The report also points to women in the region spending more time on unpaid domestic or care work.

“It will not be possible to achieve equality for women in the workplace until the burden of unpaid and care work which they have historically shouldered has been resolved,” Alicia Bárcena, Executive Secretary of the Economic Commission for Latin America and the Caribbean (ECLAC) said as she presented the report at the 11th session of the Regional Conference on Women in Latin America and the Caribbean.

“This calls for the establishment of a new virtuous equation that encompasses the State, the market and the family,” she said.

The report – entitled “What kind of State? What kind of equality?” – reviews achievements made as well as the challenges facing countries in the region.

According to ECLAC, studies of the total workload, including paid and unpaid, of men and women in different countries in the region shows two trends.
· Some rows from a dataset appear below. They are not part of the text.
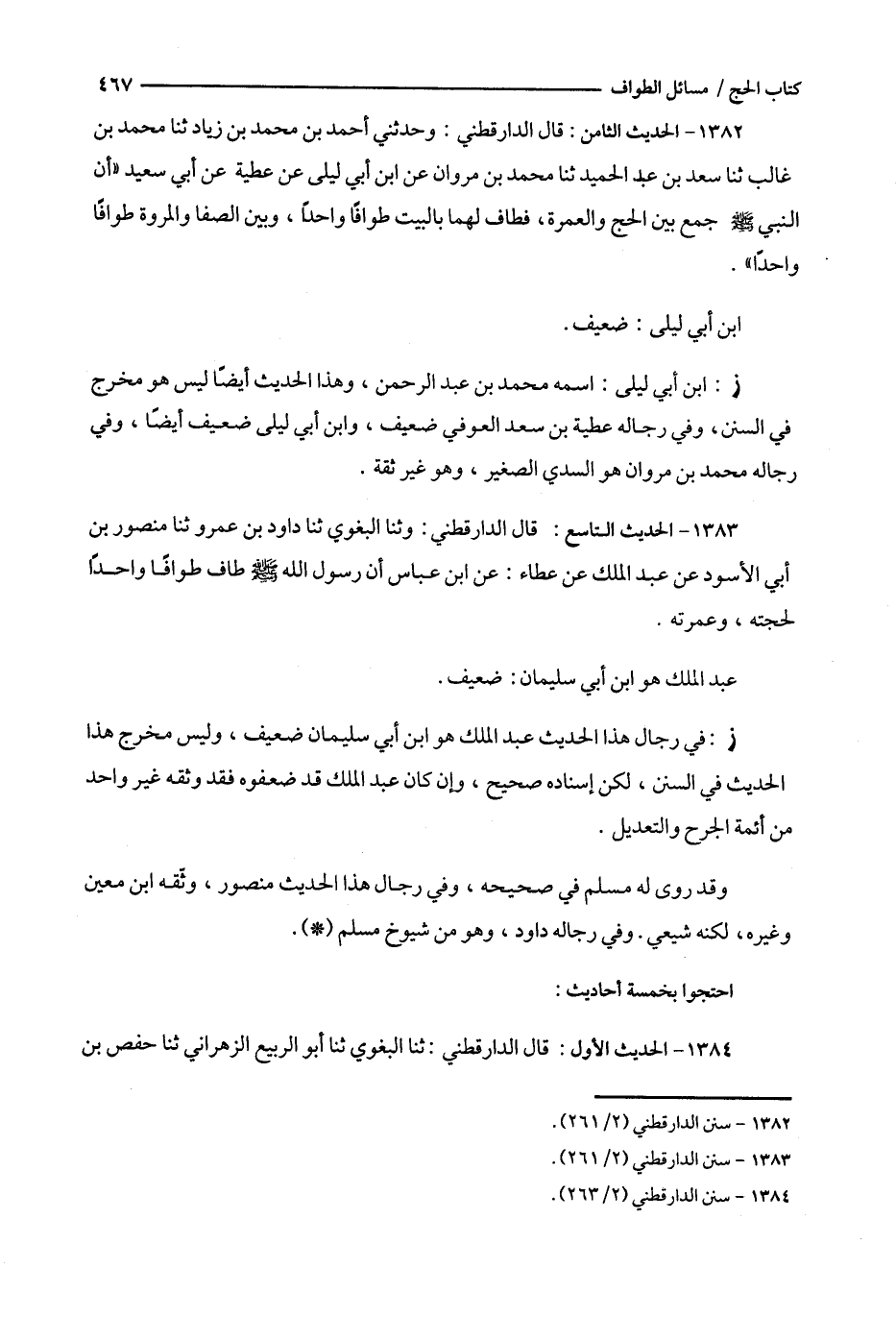 1383 - الحديث التاسع : قال الدارقطني : وثنا البغوي ثنا داود بن عمرو ثنا منصور بن أبي الأسود عن عبد الملك عن عطاء : عن ابن عباس أن رسول الله طاف طوافا واحدا لحجته ، وعمرته .
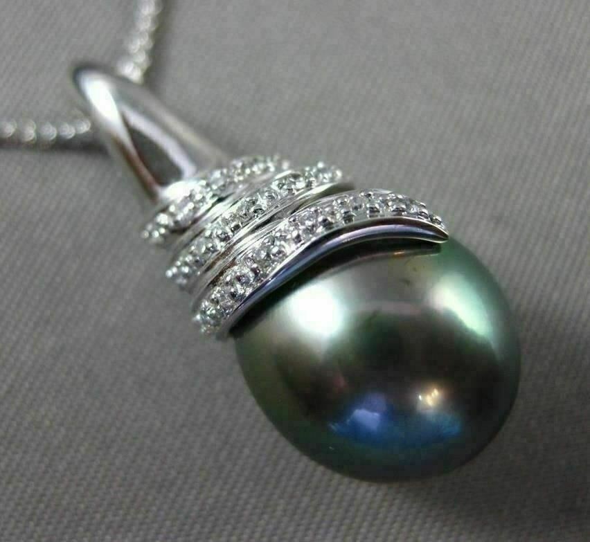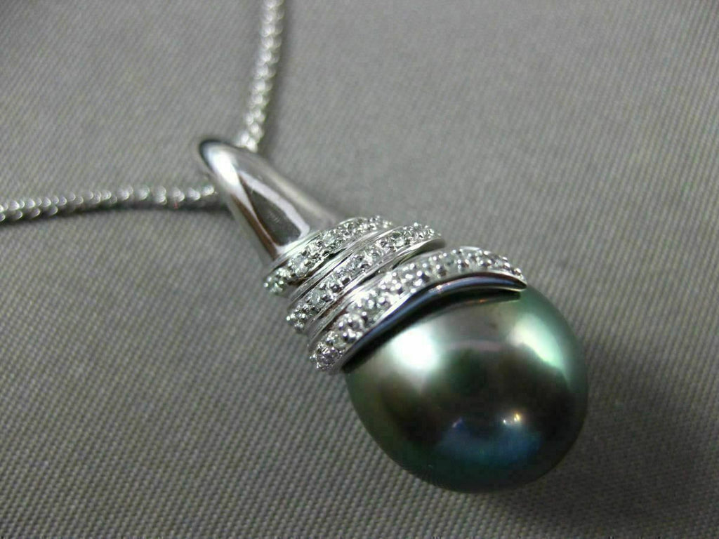ESTATE LARGE 18KT WHITE GOLD FLOATING PENDANT. 3D SWIRL DESIGN. DIAMONDS ARE F/G COLOR, VVS/VS CLARITY .07 CARATS. FEATURES AAA TAHITIAN PEARL (11mm). MEASURES 27mm x 11mm WIDE. COMES ON A 14KT GOLD DIAMOND CUT 16" INCH CHAIN. WRITTEN APPRAISAL AVAILABLE. COMES IN A PRESENTABLE GIFT BOX.
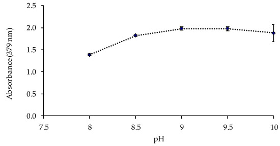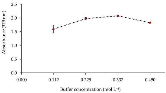 The pH value and the buffer concentration in the metal solution could affect the response of the sensor. Thus, the sensor was exposed to solutions of 1 mg L−1 of Cd(II) at different pH values (8, 8.5, 9, 9.5, and 10) controlled by 0.225 mol L−1 ammonia buffer solutions. The best responses of the sensor were obtained at pH 9–9.5 (Figure 4). The influence of the buffer concentration was also studied at pH 9.5, obtaining a higher absorbance value for a buffer concentration of 0.337 mol L−1 (Figure 5).

In all cases, total work time is greater for women than for men, and women devote more of their time to unpaid work than men.
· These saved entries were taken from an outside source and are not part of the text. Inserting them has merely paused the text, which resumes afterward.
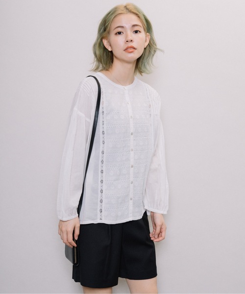 【NIMES & LA MARINE FRANCAISE】 サラッとしたゆれる着心地、雰囲気ある女っぽさを演出してくれるレースブラウス 清涼感あるサラッとしさ涼しげな綿レーヨンのフェミニンなレースブラウス。女性らしい透明感を引き出してくれます。上品なレース挟み込みのデザインにゆったりとしたサイズ感、どなたでも着こなしやすいベーシックカラーでご用意致しました。軽い羽織りとしても使用でき、春から秋までロングシーズン着用可能です。 ロングスカートやワイドパンツはもちろん、ショートパンツやサロペットやジャケットなどのインナーにもぴったり。 オンオフ問わず幅広いシーンに使える一着です。 テレワークコーデからオフィスコーデ・通勤コーデからお出掛けコーデ・リゾートコーデにもおすすめ ---------------- 透け感:少し 生地の厚さ:薄い 裏地:なし 伸縮性:なし ---------------- 【お買い物をよりお楽しみいただく為に♪】 ▼商品のお気に入り登録をおすすめします ♡をクリック! 完売カラーの再入荷や、ラスト1点の通知、 セールの際の通知を受ける事ができます。 ブランドのお気に入り登録も ご一緒にお願い致します。 【NIMES & LA MARINE FRANCAISE】 いつもの毎日を自分らしく丁寧に暮らす大人の女性に向けて、リラックス感のある心くすぐるディテールの洋服を提案します。海と空と太陽と共に 海と空と太陽の輝く中、風に乗って動き出す。 マリンフランセーズはアンカーを降ろし港で停泊する時を超えて、新たな時代に向かって船出する。 風を受け、大きく帆を広げて マリンフランセーズは「やっぱりフレンチスタイルが好き」という、お客様の思いに応えお洋服を作り続けます。 【INFORMATION 】▼お気に入り登録▼『♡』マークを押してお気に入り登録をすると、割引クーポンの発行/セール開催の通知/タイムセール通知/人気商品の再入荷通知など、取扱いブランドのお得な情報を受け取ることができます。 気になった商品はどんどん『♡』マークを押して、登録してくださいね♪
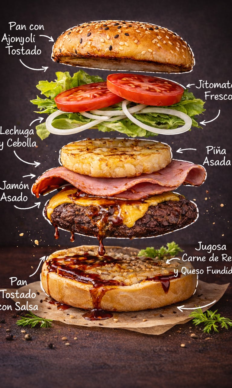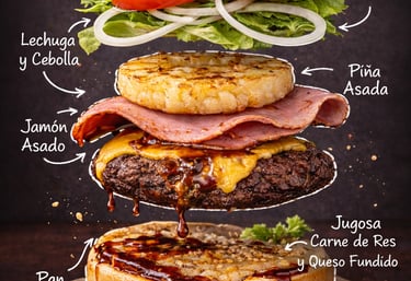 Pan, carne, queso americano, tocino
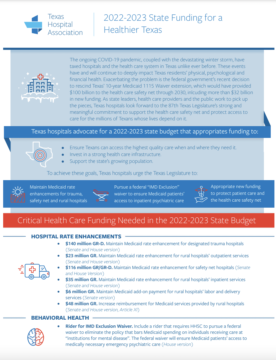 The following are white papers and explainers I’ve written to educate lawmakers, regulatory bodies, and Texas hospital leaders on a variety of health care policies. I collaborated with design experts to visually communicate key messages.
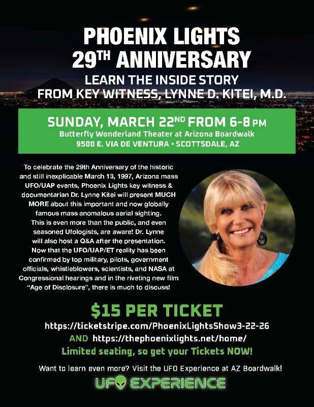 To celebrate the 29th Anniversary of the historic & still inexplicable March 13, 1997 AZ Mass UFO/UAP Events, key witness Dr. Lynne D. Kitei, M.D. will present the "INSIDE PHOENIX LIGHTS STORY". There is MUCH MORE to this important and now globally famous mass anomalous aerial sighting than the public, Media and even seasoned Ufologists are aware!
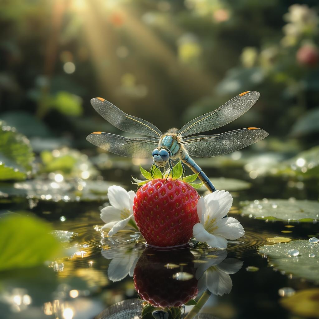 A hyper-realistic scene featuring a dragonfly perched lightly on a succulent strawberry, surrounded by delicate white strawberry flowers, set in a tranquil pond sprinkled with reflective dew drops. The dragonfly's wings are intricately detailed with iridescent colors, and its eyes glisten with a mosaic of tiny reflections. The background reveals a lush, green haven filled with vibrant flora, softened by artistic bokeh effects. Soft beams of sunlight dance across the scene, casting light and shadow to add depth and dimension to this captivating natural tableau.
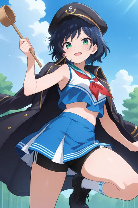murasa minamitsu, 1girl, solo, green eyes, blue hair, short hair, murasa minamitsu \(all aboard! full speed ahead!\), alternate costume, black coat, open coat, black hat, blue skirt, cheerleader, coat, crop top, red neckerchief, black shorts, shorts under skirt, white socks, black footwear, bare arms, hishaku,

Figures from 2008 show that 31.6 per cent of women over the age of 15 had no income of their own, while only 10.4 per cent of men were in the same position. Also, more women than men were unemployed, at 8.3 per cent and 5.7 per cent respectively.

While the wage gap has narrowed – women’s average income rose from 69 per cent of that of men in 1990 to 79 per cent in 2008 – women continue to be overrepresented in lower-income occupations and underrepresented in senior positions. Women still receive lower wages than men for work of equal value.


The report emphasises the need to raise awareness of the economic and social value of the unpaid and care work performed by women in the region. It also stresses the importance of empowering women to exercise their right to choice, so that they can participate under equal conditions in the labour market and in decision-making.

It proposes a strategy for advancing equality, based on three main pillars: the State as a guarantor of effective entitlement to rights; equality in both public and private spheres; and redistribution of total work.